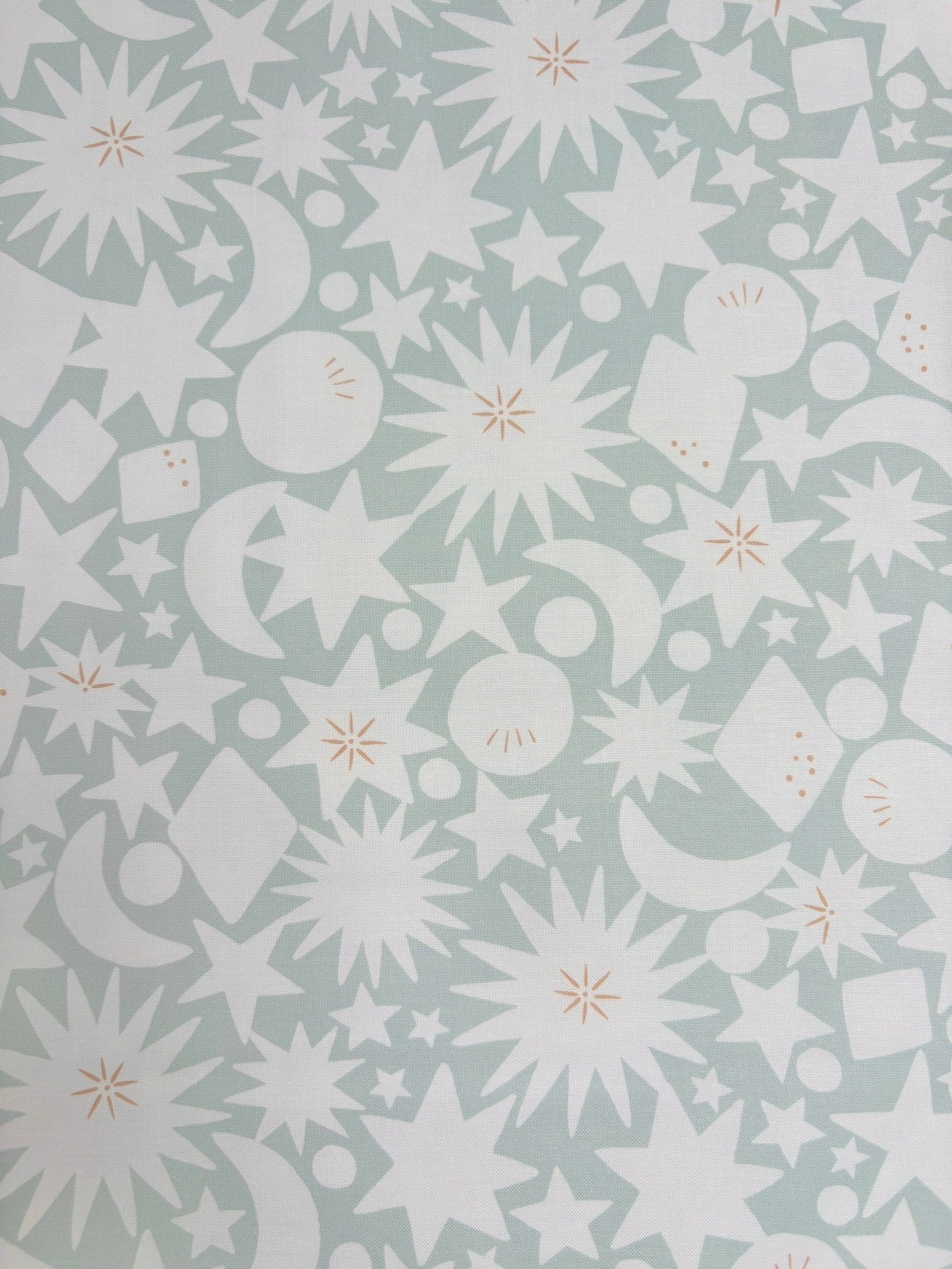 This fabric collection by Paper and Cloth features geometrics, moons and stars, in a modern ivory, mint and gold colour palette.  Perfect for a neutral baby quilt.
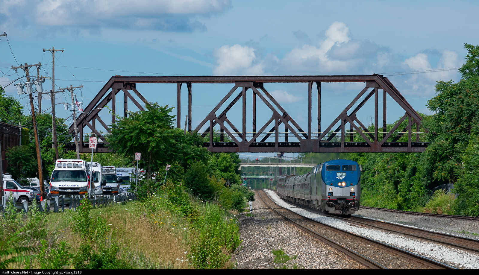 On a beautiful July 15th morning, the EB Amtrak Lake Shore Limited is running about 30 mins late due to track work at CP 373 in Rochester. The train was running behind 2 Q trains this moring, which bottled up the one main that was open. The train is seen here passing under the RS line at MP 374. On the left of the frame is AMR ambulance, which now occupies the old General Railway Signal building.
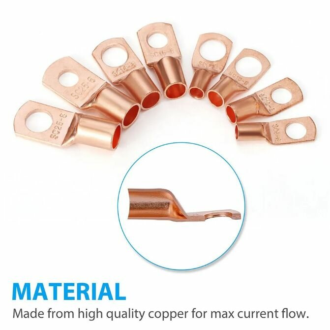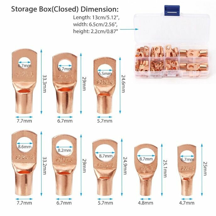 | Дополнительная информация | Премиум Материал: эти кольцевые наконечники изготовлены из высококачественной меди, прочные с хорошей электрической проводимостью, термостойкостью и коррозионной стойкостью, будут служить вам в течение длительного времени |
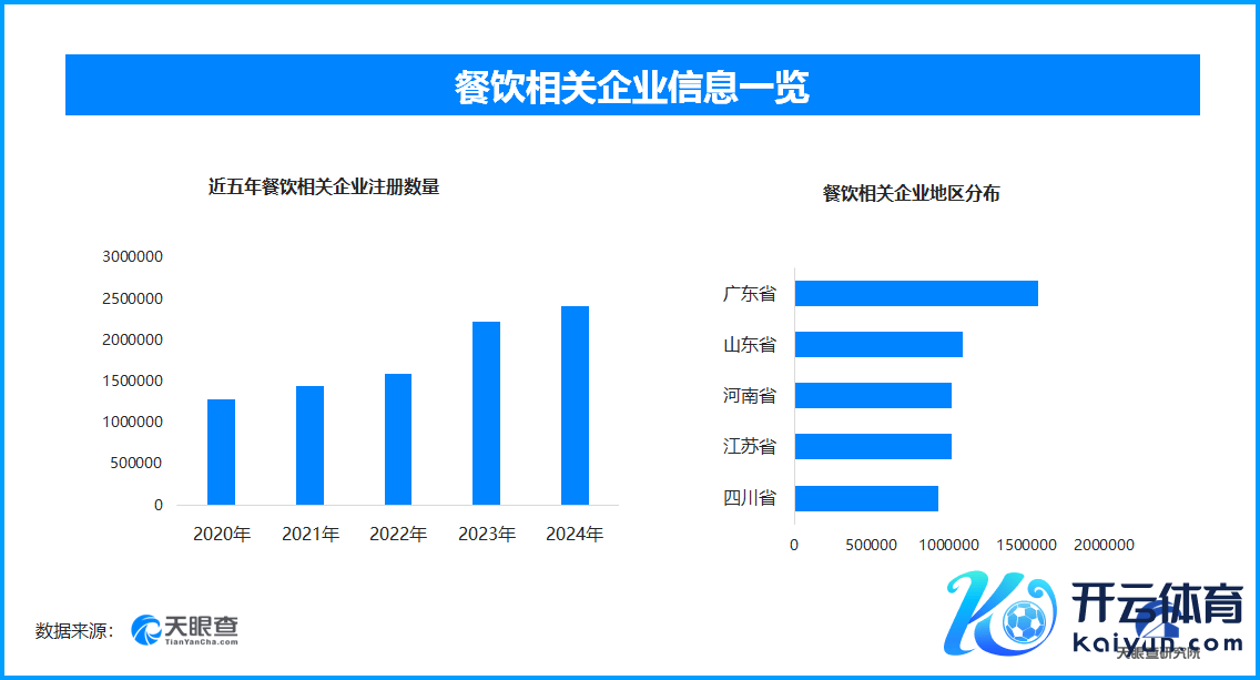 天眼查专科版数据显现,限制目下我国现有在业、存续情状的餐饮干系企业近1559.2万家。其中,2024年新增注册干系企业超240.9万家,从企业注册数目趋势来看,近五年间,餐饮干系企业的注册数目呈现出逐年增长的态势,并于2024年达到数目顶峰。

= = =

→ WORK TO BE COMPLETED:
Your copy should match the material above exactly, minus its pictures.

→ TASK OUTPUT:
 This fabric collection by Paper and Cloth features geometrics, moons and stars, in a modern ivory, mint and gold colour palette.  Perfect for a neutral baby quilt.
 On a beautiful July 15th morning, the EB Amtrak Lake Shore Limited is running about 30 mins late due to track work at CP 373 in Rochester. The train was running behind 2 Q trains this moring, which bottled up the one main that was open. The train is seen here passing under the RS line at MP 374. On the left of the frame is AMR ambulance, which now occupies the old General Railway Signal building.
 | Дополнительная информация | Премиум Материал: эти кольцевые наконечники изготовлены из высококачественной меди, прочные с хорошей электрической проводимостью, термостойкостью и коррозионной стойкостью, будут служить вам в течение длительного времени |
 天眼查专科版数据显现,限制目下我国现有在业、存续情状的餐饮干系企业近1559.2万家。其中,2024年新增注册干系企业超240.9万家,从企业注册数目趋势来看,近五年间,餐饮干系企业的注册数目呈现出逐年增长的态势,并于2024年达到数目顶峰。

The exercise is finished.